Twelfth

2.4K 424 6
                                    

Rose keluar dari kamarnya mengenakan pakaian semi formal, celana jeans dan kemeja blouse. Sambil memakai tas selendangnya, ia menghampiri Justin yang sedang duduk di sofa ruang tengah sambil membaca buku.

"Aku pergi dulu, ya," pamit Rose.

Justin mendongak. "Mau kemana?"

"Hari ini adalah hari pertamaku bekerja, aku akan ke rumah klien pertamaku sekarang."

"Kalau begitu, aku antar," ujar Justin yang langsung menyimpan buku bacaannya lalu mengambil kunci mobilnya. "Ayo," ajak Justin.

"Huh? Aku bisa pergi sendiri, kok. Tidak usah diantar, tidap apa-apa."

"Kau mau pergi dengan apa? Bus? Kau kan belum punya kartu transportasi. Dengan taksi? Terlalu mahal. Selama aku bisa mengantar, kenapa tidak? Ayo."

Justin lalu berjalan mendahului Rose menuju pintu keluar. Setelah Rose pikirkan, perkataan Justin ada benarnya juga. Ia pun akhirnya menyusul Justin ke pintu keluar.

"Dimana alamatnya?" Tanya Justin saat mobil mereka sudah menyusuri jalanan komplek.

Rose mengeluarkan ponselnya lalu menunjukkan alamat kliennya pada Justin. Lelaki itu mengangguk-angguk lalu mulai menjalankan mobilnya menuju lokasi.
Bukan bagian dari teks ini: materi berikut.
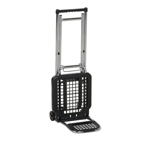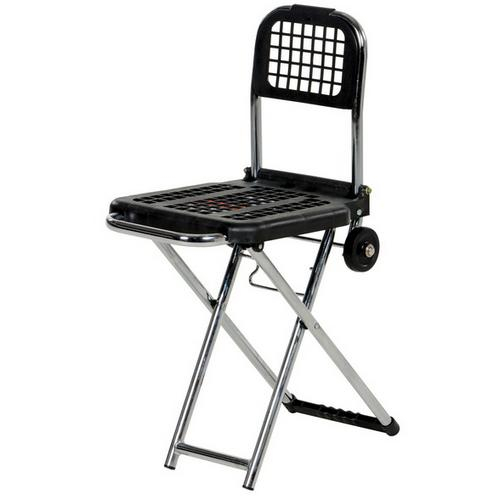 The Multi-Function Luggage Cart/Chair is constructed of both steel and nylon plastic. This Cart/Chair is perfect for use at trade shows for transporting products, literature and small parts. Conversion is very simple; from the cart position, lift the lip and move the bar from the lip to the molded double clip on the underside back of the chair seat. Bungee cord included.
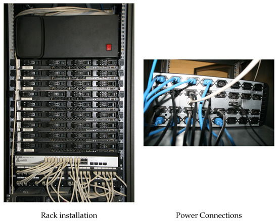 To reduce energy consumption and impacts on global warming of data centers and server farms, different approaches have been proposed [3]. A review of power consumption strategies is presented in [4]. Some works propose controlling and monitoring cooling systems [5,6,7,8], because almost 40% of the energy supplied to the server’s facility is used for refrigeration purposes. Other works focus on server design with the aim of improving the performance of processing elements [9,10,11,12,13]. Implementing these actions improves the performance of the specific element, but does not offer a significant reduction in consumption, because they only act on one element of the installation [4].

Sambil mengemudi, Justin sesekali melirik ke arah Rose yang terlihat sedang memegangi kalung yang dipakainya. Kalung yang baru ia lihat.

"Kalungmu bagus," puji Justin.

Rose agak terkejut mendengar ucapan Justin, tapi ia kemudian tersenyum. "Ah, ini pemberian June."
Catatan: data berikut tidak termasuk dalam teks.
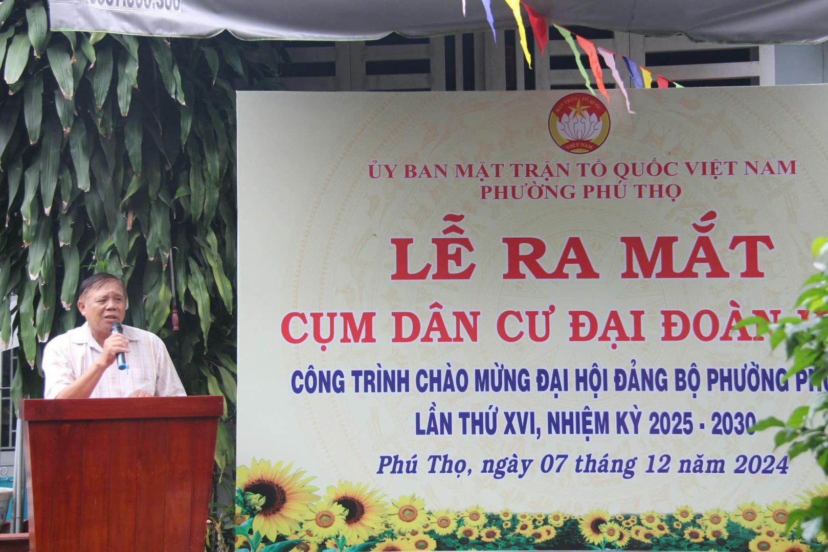 Sáng ngày 7/12/2024, MTTQ phường Phú Thọ ra mắt mô hình "Cụm dân cư Đại đoàn kết" tại tổ Cư Xá thuộc khu phố 5, phường Phú Thọ. Mô hình được sự hưởng ứng nhiệt tình của hơn 30 hộ dân sinh sống tại tổ Cư Xá.

"Sepertinya aku baru lihat, tidak pernah kau pakai, ya?"

Tidak. Rose memang tidak pernah memakainya. Biasanya ia hanya memakainya bila bertemu dengan June, tetapi sekarang ia sudah jarang menemuinya karena mereka sama-sama sibuk. June sudah punya pekerjaan, begitu pula dirinya.

"Aku memakainya karena sedang merindukannya, kami kan jarang bertemu," ucap Rose dengan nada kecewa.
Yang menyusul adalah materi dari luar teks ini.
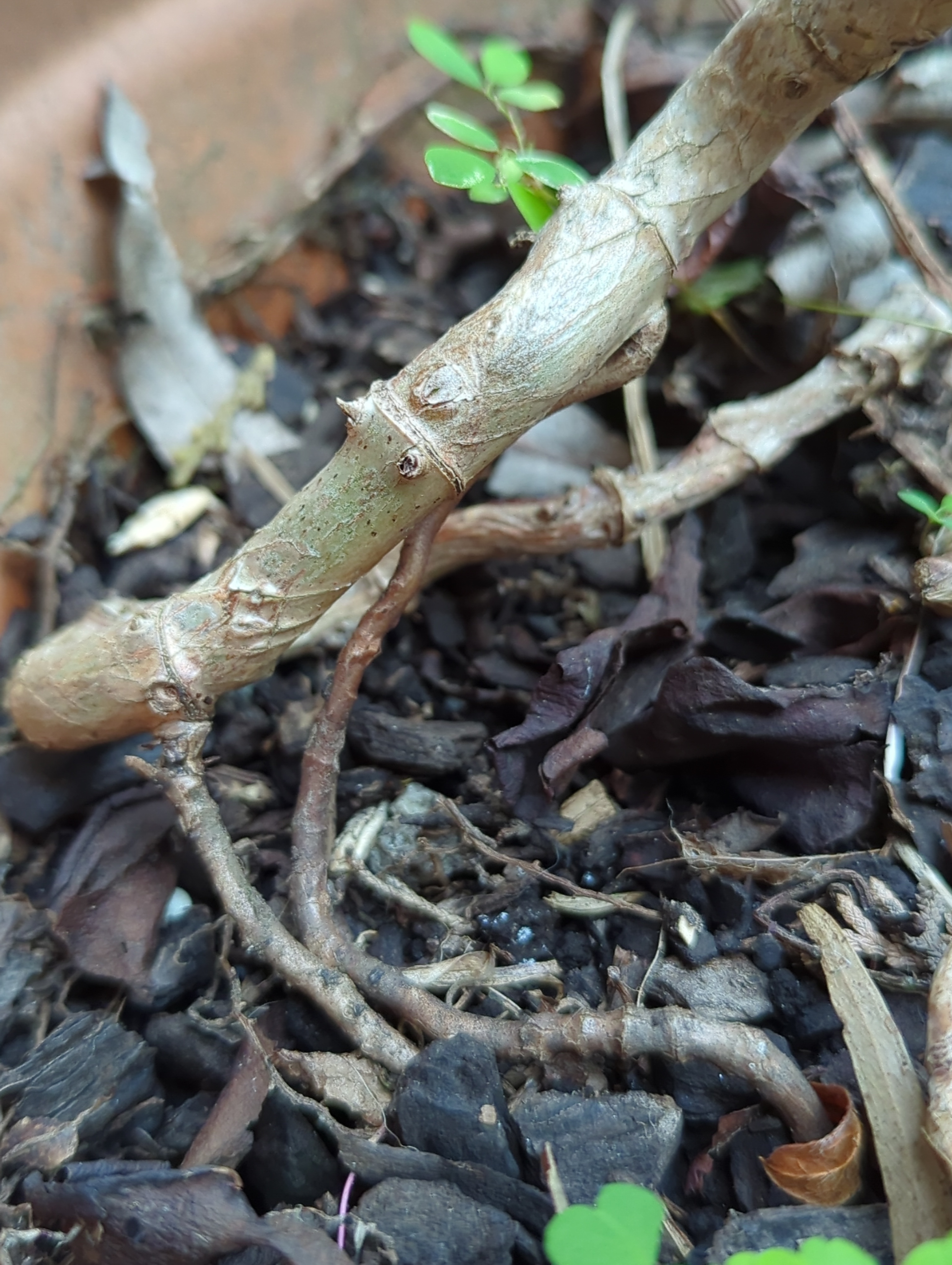 My little plant tried desperately to find something upon which to climb but 5 years ago we knew nothing about this and so it remained amongst similar sized pots and in its juvenile state.

Entah kenapa, agak kesal Justin mendengar Rose kecewa karena kekasihnya itu.

"Kenapa? Padahal kan kalian bisa bertemu di kampus?"

Rose menghela napas. "Percuma berada di kampus yang sama kalau kita tidak pernah bisa saling menyesuaikan jadwal."

Kalung berinisial huruf J itu lalu kembali Rose masukkan ke balik kemeja blousenya. Ia lalu memalingkan wajahnya ke jendela mobil.

Justin kembali melirik Rose yang terlihat murung. Ia pun mencoba untuk menghibur Rose.

"Tapi kan, kau berhasil menangkap buket bunga itu kemarin. Bukankah itu pertanda bagus untukmu dan June?"

Sebenarnya Justin benci untuk mengatakan hal itu, tetapi melihat Rose yang mulai tersenyum walau tipis membuatnya ikut tersenyum juga.

Entah sejak kapan, senyuman Rose menjadi hal terindah yang selalu ingin ia lindungi.

"Ini rumahnya, sudah sampai," ujar Rose, Justin menghentikan mobilnya.

"Terima kasih sudah mengantarku, ya." Rose melepaskan sabuk pengamannya.

"Aku akan menunggu."

"Apa? Tidak usah, kau pulang saja. Aku bisa pulang sendiri."

"Tidak, lagipula aku juga sedang tidak ada pekerjaan apa-apa."

Lagi-lagi Justin membuat Rose tidak enak. Bagaimana mungkin ia membiarkan Justin menunggunya? Bagaimana bila pertemuannya dengan klien berlangsung lama?